A team of landscape architects was engaged in the execution of the general project. At something like a brainstorming session, they came up with the general view of the space; they chose a broken relief to provide better visibility, and to make it look less like a cemetery, Stoyanova said.

For the designing of the separate gardens we wanted to engage as many Bulgarian companies as possible. We announced the UN Gardens project, and the interested landscape architecture companies contacted us. They chose the countries whose gardens they wanted to design, and we gave them the info we had received from the embassies.

The Bulgarian garden is designed to resemble a courtyard of Bulgarias National Revival period. The project includes elements of courtyards from various regions of the country, such as wells, trellised vines, stonewalls, and flowerbeds, forming a generalised image of a Bulgarian courtyard.

The British garden features blossoming rhododendrons, the endless English lawn, perfectly trimmed trees, and flowers everywhere in hanging baskets, stone vases, or adorning an old wheel.

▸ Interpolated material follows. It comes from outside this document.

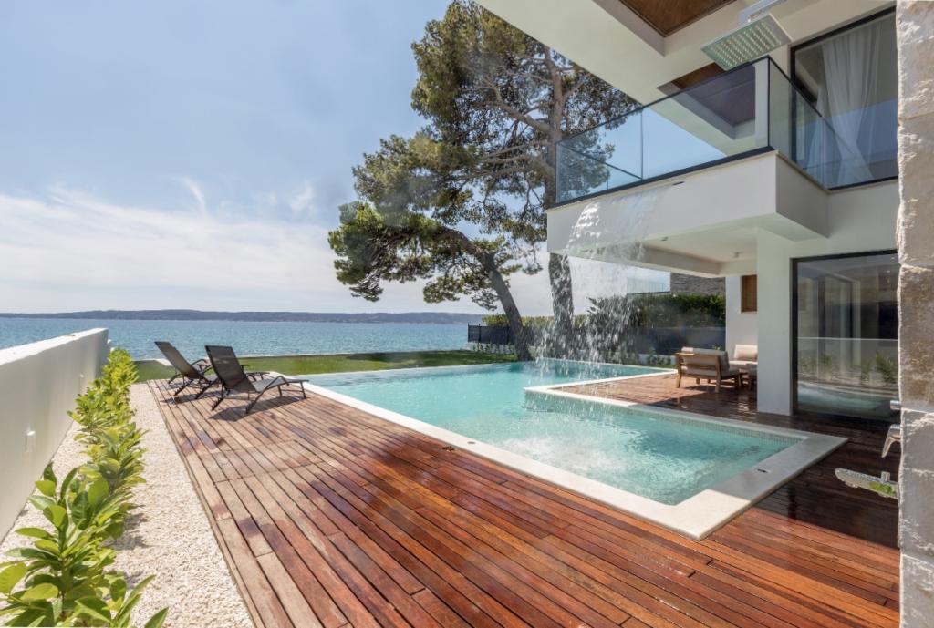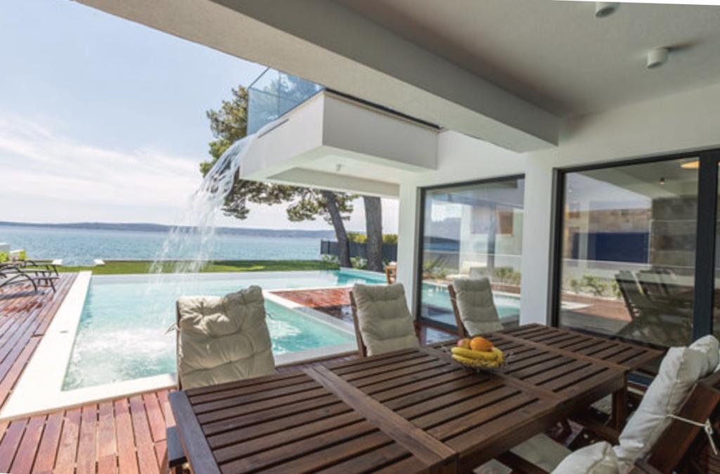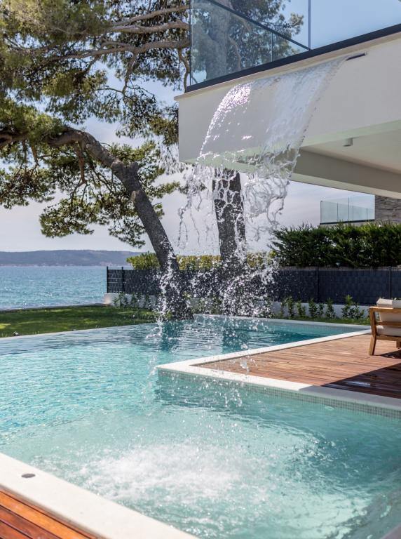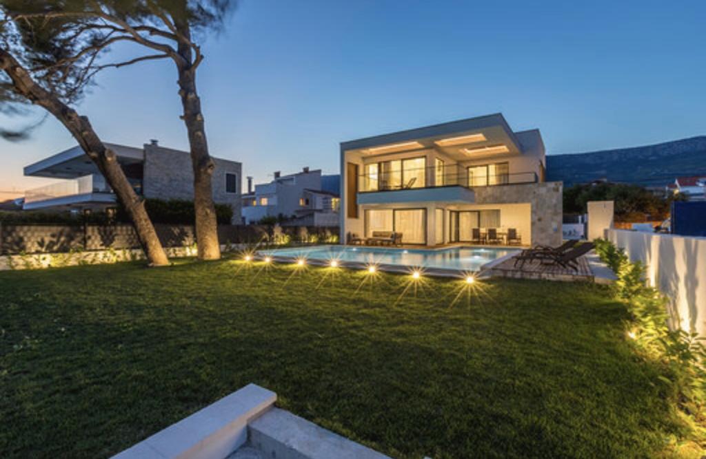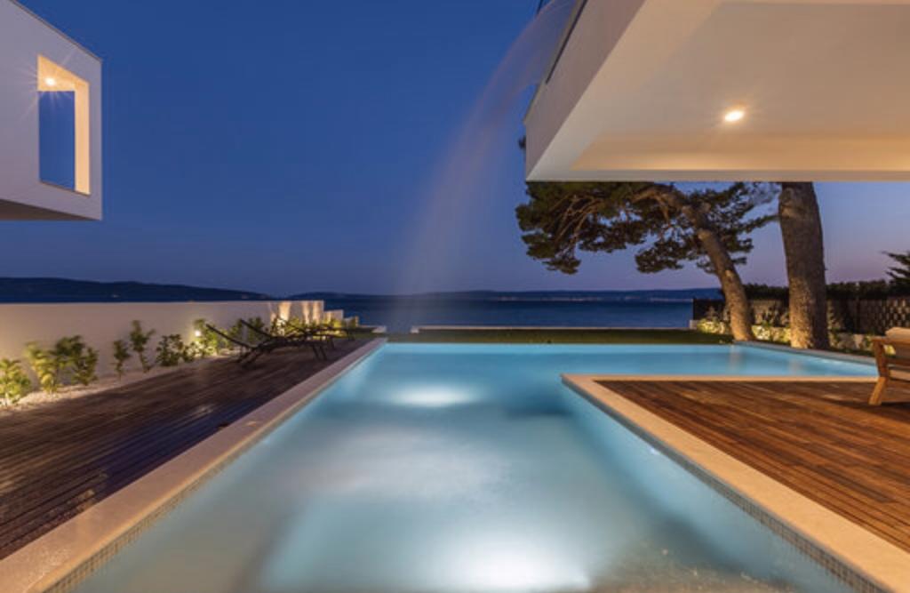 Villa Sea Star je pomno dizajnirana, odiše luksuzom i udobnošću, te je pravi primjer suvremene vile, koja se prostire na tri etaže: podrum, prizemlje i prvi kat. S južnih balkona pruža se pogled preko prekrasnog plavetnila Jadranskog mora sve do Čiova i Splita. Villa ima 4 spavaće sobe, 4 kupaonice, te vanjski toalet uz bazen i idealan je smještaj za 8 osoba. S balkona glavne sobe spušta se slap u prostrani bazen. Posjed vile je 1200m2, a stambeni dio zauzima 400m2. Okućnica je obogaćena infinity bazenom, vanjskim roštiljem i loungeom s kojeg se pruža predivan pogled na plavetnilo Jadranskog mora, te vas samo nekoliko stepenica dijeli od plaže i ulaska u more. Villa također ima i garažu, te privatni parking za 4 automobila. Vaš dolazak vam omogućuje uživanje u ljepoti odmora i luksuza, koje samo Dalmacija i vila Sea Star mogu pružiti.
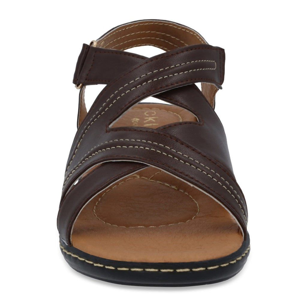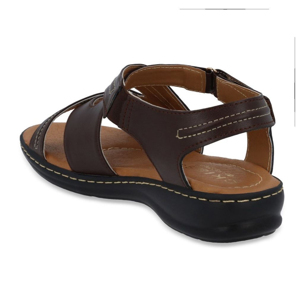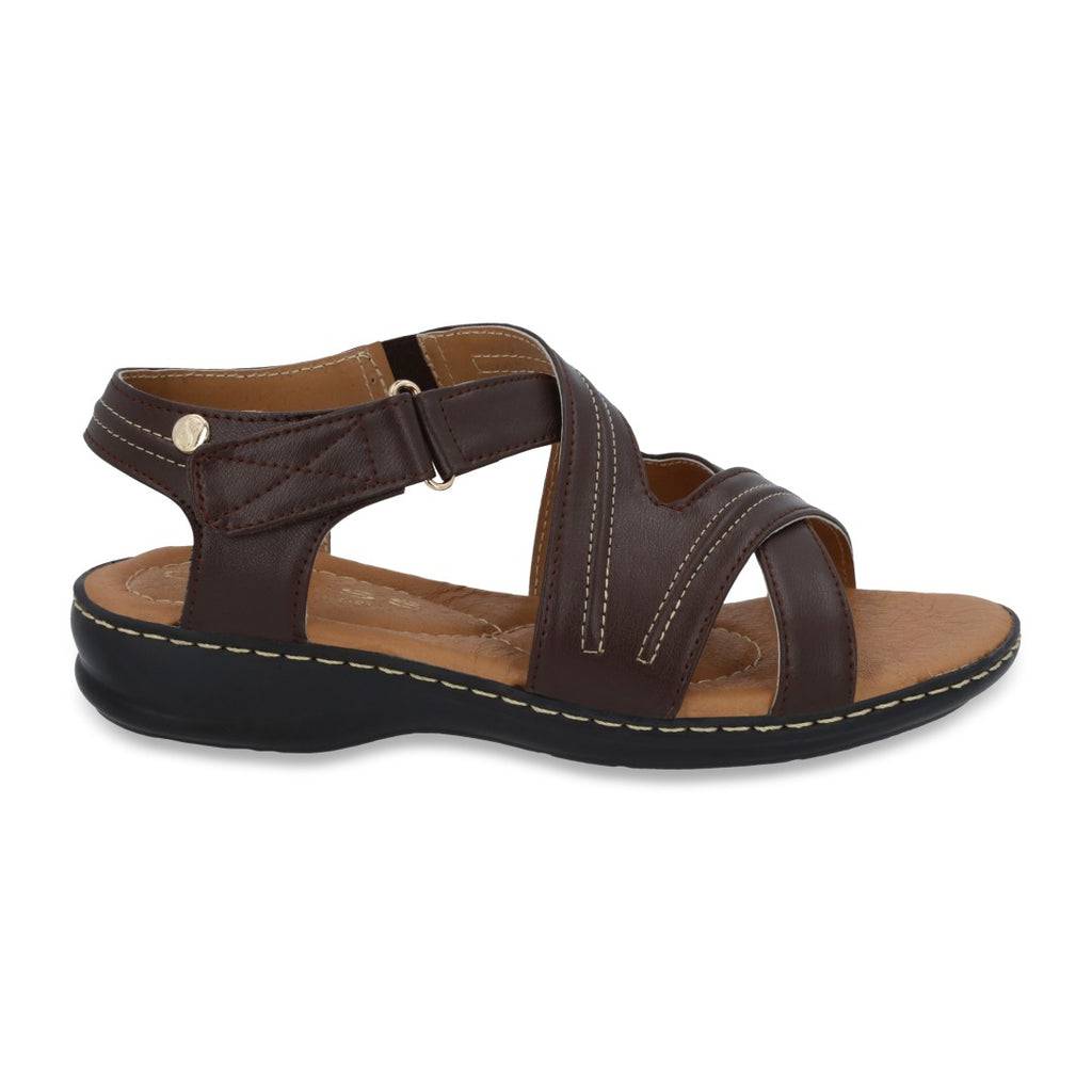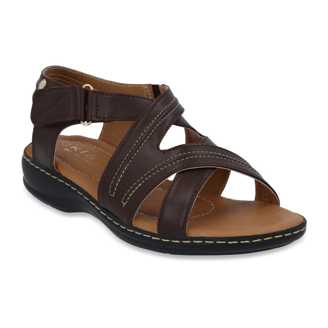 Sandalia de piso color café, con detalle de pespunte ballena, cuenta con argolla y contactel, plantilla de piel. Material: 100% Piel Vacuno.

The Italian one will have a fountain-like combination of vases fountains are typical of Italian gardens, while the Portuguese and the Lebanese gardens are designed to represent the countries national flags.

The centre of the Spanish garden will be a sand circle, creating the illusion of a corrida arena, and a metal plate with the bull fragment from Picassos famous painting Guernica.

The garden of South Africa, a country with very rich water resources, is to feature a river which you can walk on, and a tree arch a unique entrance to the flora of the country, giving a view of a palm tree surrounded by flowers and bushes.

We are very thankful to the Sofia Mayor Stefan Sofianski for all his support, Stoyanova said. In the first place, he allowed the initiative and provided the space, and also lent his name for the letters to ambassadors GRADINA magazine sent out.

The municipal company Ozeleniavane also prepared the ground before the landscape gardeners were let loose.

Both Mayor Sofianski and the Deputy Mayor on Urban Development Boris Spirov, and us, naturally, want the gardens to stay for good, but financing is difficult to find, and thus so is maintaining the gardens, Stoyanova said.

There are many different plants in the gardens; some tropical plants wont make it through the winter, others are annual, and if not replaced next year, they will disappear as well.

One maintenance option is for Ozeleniavane to look after the gardens. The UNDP has also offered to take care of the gardens after the festival, and is even considering to include them in the Beautiful Bulgaria project.

UN resident co-ordinator Antonio Vigilante expressed full support for the project in his letter to GRADINA: The idea of initiating an annual festival devoted to flowers in May is also excellent, particularly if it can symbolise the fact that diversity generates beauty and harmony. The diversity which exists within and between nations is also a wealth which should be used to strengthen ties between individuals, communities, and nations for the achievement of a world of piece, freedom, and prosperity.

The first of what is hoped will become an annual international spring/flower festival was intended to promote the UN Gardens.

Sofianski was due to open the event on Wednesday afternoon, but it was envisioned that festivities would begin in the morning.

Among the attractions planned were a flower pageant and a parade of flower-decked horses and retro automobiles; a water garden, a music garden, and a balloon garden; fireworks in flower forms, fashion shows and traditional Bulgarian rituals such as rose picking and grape gathering; ikebana and bonsai demonstrations; and entertainment for the children, like drawing contests and exhibitions, and performances by childrens folk ensembles and choirs.

The organisers were to announce each days festival programme the evening before.